***** Extracted records

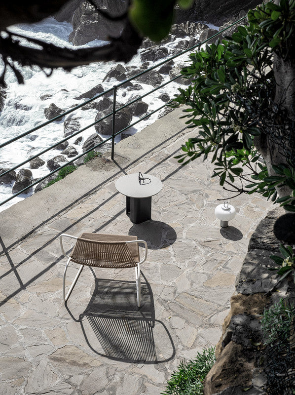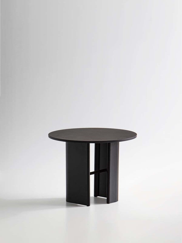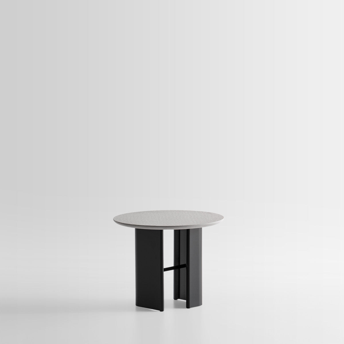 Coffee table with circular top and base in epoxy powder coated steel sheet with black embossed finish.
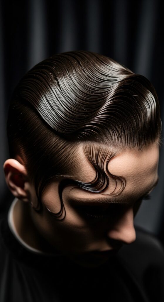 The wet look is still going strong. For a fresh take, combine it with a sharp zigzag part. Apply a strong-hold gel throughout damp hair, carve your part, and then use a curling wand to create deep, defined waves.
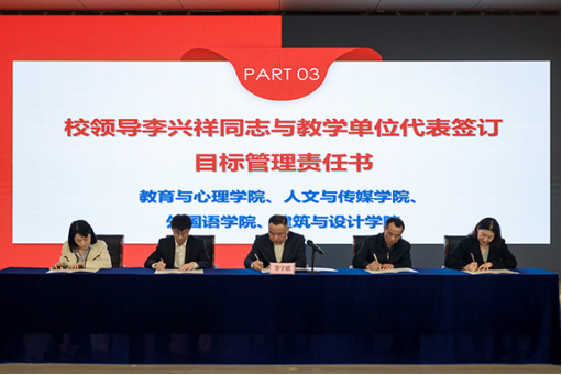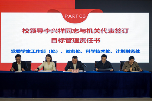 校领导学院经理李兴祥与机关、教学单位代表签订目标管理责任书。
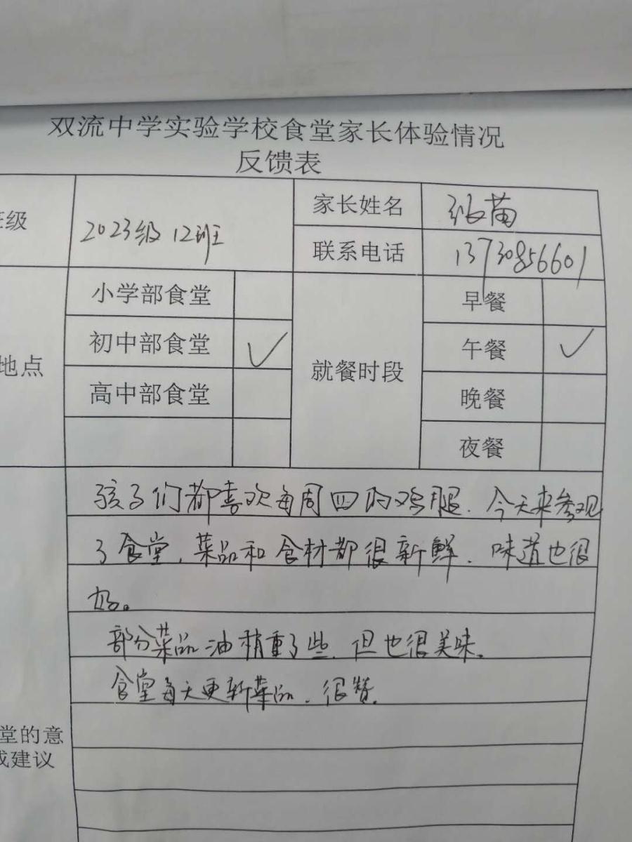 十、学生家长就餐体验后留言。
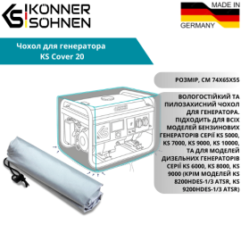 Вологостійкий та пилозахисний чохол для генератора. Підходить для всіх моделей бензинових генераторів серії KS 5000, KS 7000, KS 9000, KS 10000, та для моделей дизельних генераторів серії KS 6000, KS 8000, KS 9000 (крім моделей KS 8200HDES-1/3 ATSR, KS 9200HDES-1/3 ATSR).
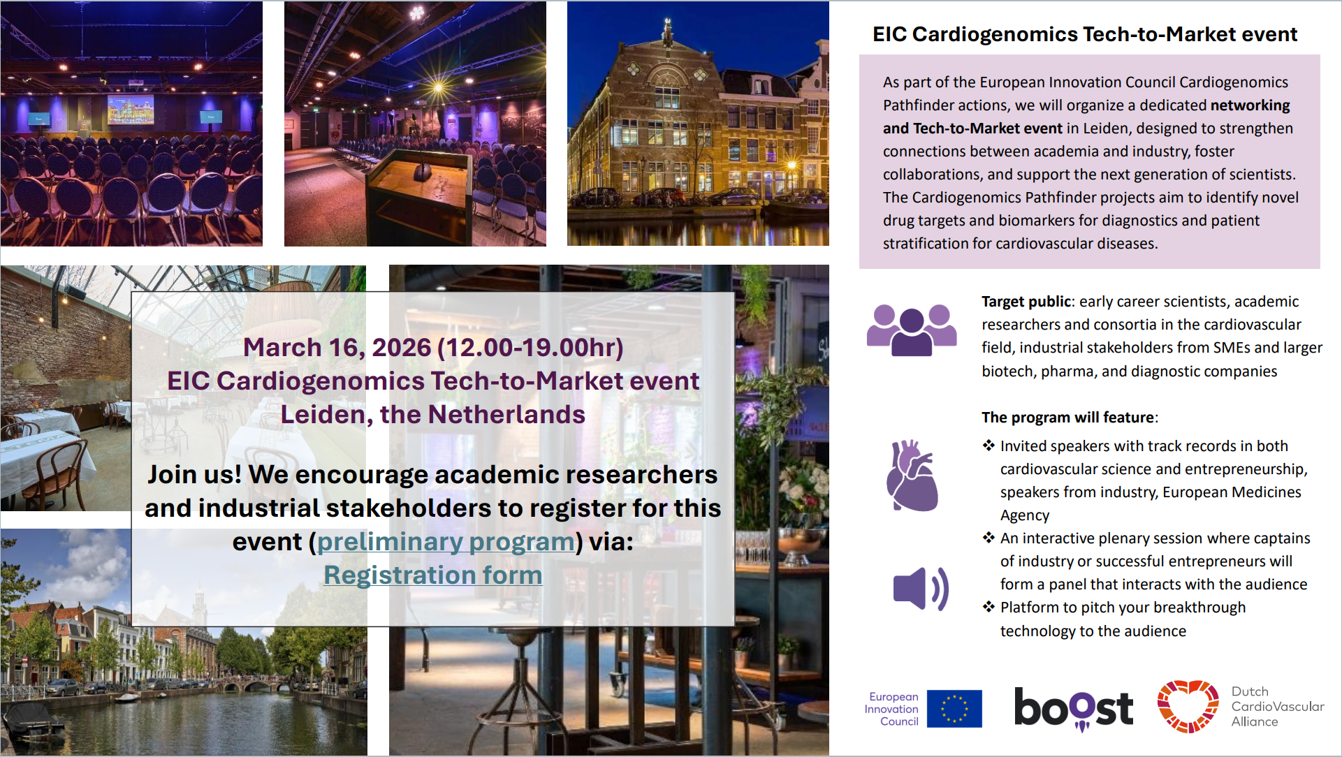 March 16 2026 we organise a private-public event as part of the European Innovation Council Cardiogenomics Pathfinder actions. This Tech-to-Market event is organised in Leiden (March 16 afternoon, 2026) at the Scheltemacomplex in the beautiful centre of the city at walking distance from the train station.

**********

### Exercise
Nothing should appear in the reply except the lines from the start of the listing above through the line with "The wet look", repeated exactly and free of pictures.

### Response box
 Coffee table with circular top and base in epoxy powder coated steel sheet with black embossed finish.
 The wet look is still going strong. For a fresh take, combine it with a sharp zigzag part. Apply a strong-hold gel throughout damp hair, carve your part, and then use a curling wand to create deep, defined waves.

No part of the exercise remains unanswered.